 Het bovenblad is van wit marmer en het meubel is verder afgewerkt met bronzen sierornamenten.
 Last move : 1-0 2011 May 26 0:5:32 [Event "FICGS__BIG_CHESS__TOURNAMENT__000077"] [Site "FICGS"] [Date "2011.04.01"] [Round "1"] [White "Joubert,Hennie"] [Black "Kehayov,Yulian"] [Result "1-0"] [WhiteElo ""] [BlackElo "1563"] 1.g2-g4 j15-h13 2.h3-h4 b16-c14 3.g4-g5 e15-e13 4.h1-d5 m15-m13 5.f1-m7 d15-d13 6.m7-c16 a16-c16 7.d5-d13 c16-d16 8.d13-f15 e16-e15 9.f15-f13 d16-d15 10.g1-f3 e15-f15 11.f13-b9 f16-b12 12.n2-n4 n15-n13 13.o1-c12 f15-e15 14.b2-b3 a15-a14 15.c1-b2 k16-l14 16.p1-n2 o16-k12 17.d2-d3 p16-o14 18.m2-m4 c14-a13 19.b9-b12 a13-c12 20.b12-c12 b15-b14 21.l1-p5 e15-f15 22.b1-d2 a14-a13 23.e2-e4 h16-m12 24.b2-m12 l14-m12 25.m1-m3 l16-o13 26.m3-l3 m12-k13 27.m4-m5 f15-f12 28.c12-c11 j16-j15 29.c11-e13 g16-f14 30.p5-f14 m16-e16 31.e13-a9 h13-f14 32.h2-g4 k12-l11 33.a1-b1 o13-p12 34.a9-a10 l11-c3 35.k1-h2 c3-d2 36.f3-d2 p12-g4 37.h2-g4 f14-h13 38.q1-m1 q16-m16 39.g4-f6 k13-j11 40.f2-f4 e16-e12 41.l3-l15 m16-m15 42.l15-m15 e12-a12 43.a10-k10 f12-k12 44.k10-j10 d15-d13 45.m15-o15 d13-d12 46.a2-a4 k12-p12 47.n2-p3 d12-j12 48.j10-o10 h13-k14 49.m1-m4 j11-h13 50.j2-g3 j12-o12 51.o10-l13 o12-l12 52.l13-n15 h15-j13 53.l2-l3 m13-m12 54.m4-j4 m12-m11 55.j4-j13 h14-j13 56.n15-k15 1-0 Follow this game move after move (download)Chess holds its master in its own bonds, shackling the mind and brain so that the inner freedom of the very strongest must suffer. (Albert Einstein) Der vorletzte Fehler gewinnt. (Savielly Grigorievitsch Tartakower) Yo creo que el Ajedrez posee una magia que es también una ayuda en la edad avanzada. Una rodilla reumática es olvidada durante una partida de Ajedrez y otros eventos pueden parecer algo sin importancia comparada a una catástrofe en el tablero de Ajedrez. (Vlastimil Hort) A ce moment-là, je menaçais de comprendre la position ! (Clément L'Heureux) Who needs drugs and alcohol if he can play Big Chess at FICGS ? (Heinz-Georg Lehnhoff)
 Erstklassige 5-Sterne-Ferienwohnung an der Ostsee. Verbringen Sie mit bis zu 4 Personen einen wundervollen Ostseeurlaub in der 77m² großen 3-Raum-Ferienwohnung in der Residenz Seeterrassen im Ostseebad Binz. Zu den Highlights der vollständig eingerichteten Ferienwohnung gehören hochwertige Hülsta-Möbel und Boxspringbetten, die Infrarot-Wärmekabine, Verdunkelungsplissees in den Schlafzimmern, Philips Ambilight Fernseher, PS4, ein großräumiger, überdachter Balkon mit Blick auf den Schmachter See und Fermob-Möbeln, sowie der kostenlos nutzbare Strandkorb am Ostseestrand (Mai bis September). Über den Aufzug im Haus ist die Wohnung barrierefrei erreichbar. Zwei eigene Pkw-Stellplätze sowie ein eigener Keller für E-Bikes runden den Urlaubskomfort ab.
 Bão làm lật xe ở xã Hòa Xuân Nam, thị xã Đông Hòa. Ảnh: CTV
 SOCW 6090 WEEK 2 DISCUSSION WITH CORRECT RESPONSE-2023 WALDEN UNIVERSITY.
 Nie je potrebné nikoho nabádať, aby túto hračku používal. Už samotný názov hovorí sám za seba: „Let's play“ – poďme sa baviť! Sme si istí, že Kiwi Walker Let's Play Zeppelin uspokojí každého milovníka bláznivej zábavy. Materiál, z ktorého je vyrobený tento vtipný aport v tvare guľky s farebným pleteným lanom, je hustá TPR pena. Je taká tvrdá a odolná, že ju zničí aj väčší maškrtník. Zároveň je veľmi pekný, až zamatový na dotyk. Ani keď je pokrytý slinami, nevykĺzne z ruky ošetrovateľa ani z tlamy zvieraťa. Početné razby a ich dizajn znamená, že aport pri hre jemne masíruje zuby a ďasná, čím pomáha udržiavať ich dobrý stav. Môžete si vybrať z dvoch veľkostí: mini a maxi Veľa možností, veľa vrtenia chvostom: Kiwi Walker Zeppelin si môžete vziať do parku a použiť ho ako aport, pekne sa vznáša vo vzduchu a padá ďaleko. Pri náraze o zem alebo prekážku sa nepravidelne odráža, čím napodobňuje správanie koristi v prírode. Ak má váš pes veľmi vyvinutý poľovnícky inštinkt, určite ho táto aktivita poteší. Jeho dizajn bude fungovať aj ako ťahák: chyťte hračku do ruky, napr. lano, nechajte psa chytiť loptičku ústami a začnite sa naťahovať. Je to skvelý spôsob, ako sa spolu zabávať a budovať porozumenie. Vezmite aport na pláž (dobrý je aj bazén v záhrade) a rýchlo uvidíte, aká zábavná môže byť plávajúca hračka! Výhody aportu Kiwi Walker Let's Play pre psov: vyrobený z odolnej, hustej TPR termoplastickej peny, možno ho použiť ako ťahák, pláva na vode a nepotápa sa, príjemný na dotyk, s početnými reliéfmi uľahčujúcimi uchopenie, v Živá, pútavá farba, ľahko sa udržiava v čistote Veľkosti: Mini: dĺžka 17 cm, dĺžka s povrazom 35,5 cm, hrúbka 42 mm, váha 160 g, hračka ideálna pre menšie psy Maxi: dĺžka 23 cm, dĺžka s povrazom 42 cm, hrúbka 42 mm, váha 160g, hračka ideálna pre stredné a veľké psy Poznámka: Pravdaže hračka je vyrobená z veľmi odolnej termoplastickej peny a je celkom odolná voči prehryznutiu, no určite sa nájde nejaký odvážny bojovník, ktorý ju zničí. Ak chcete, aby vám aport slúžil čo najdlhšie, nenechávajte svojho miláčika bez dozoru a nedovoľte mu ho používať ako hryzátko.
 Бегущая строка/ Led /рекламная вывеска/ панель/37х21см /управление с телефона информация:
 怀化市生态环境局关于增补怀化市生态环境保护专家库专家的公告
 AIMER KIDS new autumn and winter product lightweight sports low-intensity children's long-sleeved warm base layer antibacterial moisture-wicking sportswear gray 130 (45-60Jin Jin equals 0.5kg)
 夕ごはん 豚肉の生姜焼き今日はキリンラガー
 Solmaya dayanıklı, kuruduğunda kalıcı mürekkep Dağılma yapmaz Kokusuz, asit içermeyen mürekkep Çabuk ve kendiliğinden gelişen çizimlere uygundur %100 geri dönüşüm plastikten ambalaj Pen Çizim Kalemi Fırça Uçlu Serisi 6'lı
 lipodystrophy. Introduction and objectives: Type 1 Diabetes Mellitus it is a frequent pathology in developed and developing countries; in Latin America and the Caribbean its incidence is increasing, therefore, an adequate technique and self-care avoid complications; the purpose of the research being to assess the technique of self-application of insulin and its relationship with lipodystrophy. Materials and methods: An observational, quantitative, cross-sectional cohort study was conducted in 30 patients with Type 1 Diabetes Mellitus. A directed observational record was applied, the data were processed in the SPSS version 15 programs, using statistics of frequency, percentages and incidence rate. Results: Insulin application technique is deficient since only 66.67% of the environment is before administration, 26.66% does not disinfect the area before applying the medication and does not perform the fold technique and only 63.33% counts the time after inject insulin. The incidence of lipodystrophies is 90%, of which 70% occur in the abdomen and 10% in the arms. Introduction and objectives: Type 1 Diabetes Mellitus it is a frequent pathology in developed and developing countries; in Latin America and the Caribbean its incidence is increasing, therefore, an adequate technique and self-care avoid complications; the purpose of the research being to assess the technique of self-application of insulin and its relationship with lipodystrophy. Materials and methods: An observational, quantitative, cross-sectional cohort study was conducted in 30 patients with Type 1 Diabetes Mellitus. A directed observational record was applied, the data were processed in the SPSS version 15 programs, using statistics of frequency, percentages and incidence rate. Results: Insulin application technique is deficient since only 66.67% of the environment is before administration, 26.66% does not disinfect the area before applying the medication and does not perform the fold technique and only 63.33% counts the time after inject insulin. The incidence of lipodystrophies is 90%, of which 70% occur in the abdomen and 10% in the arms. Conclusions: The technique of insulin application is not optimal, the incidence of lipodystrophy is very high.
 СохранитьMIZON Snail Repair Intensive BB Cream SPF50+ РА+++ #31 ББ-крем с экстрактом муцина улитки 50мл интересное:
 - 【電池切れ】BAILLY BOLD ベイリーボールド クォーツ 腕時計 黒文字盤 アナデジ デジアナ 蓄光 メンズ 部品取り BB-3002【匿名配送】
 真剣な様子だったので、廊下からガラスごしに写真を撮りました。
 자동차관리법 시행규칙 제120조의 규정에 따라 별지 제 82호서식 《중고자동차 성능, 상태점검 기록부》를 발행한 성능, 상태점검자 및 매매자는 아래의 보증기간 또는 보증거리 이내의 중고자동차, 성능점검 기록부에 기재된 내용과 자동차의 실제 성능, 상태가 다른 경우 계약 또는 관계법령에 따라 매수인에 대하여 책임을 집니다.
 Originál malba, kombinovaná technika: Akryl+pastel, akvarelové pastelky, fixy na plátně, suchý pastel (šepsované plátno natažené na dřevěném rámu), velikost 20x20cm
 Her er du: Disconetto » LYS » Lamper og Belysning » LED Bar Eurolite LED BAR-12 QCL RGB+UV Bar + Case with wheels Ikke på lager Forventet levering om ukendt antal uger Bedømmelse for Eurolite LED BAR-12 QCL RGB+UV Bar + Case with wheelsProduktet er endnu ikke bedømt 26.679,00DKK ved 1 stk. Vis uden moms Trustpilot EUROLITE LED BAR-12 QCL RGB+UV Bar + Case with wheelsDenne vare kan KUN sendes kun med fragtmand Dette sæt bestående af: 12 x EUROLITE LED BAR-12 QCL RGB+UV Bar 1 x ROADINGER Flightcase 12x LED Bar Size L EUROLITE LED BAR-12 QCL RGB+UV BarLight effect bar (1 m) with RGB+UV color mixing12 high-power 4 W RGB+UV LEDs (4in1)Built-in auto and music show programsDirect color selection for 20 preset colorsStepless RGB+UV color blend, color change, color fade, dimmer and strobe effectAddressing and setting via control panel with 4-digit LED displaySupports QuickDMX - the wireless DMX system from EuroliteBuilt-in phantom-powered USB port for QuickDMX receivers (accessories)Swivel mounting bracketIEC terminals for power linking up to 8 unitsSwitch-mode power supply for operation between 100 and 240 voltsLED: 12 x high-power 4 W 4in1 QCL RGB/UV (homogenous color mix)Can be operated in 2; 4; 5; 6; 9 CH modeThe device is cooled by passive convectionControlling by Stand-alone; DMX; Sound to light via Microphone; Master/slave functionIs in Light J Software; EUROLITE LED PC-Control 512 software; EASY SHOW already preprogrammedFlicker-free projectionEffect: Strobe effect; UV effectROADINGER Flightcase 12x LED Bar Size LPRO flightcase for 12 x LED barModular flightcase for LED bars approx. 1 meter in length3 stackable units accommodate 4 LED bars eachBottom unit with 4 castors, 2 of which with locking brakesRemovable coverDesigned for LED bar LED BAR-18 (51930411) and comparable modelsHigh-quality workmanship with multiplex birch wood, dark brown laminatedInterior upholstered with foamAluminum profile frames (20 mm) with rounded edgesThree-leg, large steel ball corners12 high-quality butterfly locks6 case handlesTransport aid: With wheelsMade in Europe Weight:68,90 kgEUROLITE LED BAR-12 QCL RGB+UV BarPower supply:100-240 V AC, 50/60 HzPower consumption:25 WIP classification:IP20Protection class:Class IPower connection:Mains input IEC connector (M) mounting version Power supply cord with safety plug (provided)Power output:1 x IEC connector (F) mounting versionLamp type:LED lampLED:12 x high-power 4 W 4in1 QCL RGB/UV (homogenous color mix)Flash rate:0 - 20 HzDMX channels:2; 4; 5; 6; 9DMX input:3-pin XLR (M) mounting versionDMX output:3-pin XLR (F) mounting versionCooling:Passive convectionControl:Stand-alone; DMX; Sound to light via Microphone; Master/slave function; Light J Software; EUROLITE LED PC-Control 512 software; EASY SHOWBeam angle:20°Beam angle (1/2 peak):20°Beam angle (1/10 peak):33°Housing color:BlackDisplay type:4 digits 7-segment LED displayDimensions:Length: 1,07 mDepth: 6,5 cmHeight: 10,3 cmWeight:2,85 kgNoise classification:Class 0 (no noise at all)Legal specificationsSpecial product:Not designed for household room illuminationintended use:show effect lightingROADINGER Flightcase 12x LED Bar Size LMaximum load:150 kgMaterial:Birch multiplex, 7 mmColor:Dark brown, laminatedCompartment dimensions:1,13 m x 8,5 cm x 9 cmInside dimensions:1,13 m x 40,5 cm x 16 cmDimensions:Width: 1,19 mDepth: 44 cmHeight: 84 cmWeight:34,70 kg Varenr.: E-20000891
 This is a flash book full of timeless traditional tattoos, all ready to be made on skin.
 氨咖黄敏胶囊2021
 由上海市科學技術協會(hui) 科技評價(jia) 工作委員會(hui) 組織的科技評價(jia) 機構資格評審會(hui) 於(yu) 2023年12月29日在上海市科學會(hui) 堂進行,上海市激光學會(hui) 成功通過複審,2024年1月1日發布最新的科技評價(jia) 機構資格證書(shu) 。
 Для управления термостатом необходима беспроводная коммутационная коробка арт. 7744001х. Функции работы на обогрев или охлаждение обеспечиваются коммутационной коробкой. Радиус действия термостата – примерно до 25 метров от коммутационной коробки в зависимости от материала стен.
☆ ☆ ☆ ☆ ☆ ☆ ☆
● Directions:
The range runs from the line with "СохранитьMIZON Snail Repair" up to and including the line with "자동차관리법 시행규칙 제120조의" in the listing above; please write out exactly those lines and nothing more.

● Completed task:
 СохранитьMIZON Snail Repair Intensive BB Cream SPF50+ РА+++ #31 ББ-крем с экстрактом муцина улитки 50мл интересное:
 - 【電池切れ】BAILLY BOLD ベイリーボールド クォーツ 腕時計 黒文字盤 アナデジ デジアナ 蓄光 メンズ 部品取り BB-3002【匿名配送】
 真剣な様子だったので、廊下からガラスごしに写真を撮りました。
 자동차관리법 시행규칙 제120조의 규정에 따라 별지 제 82호서식 《중고자동차 성능, 상태점검 기록부》를 발행한 성능, 상태점검자 및 매매자는 아래의 보증기간 또는 보증거리 이내의 중고자동차, 성능점검 기록부에 기재된 내용과 자동차의 실제 성능, 상태가 다른 경우 계약 또는 관계법령에 따라 매수인에 대하여 책임을 집니다.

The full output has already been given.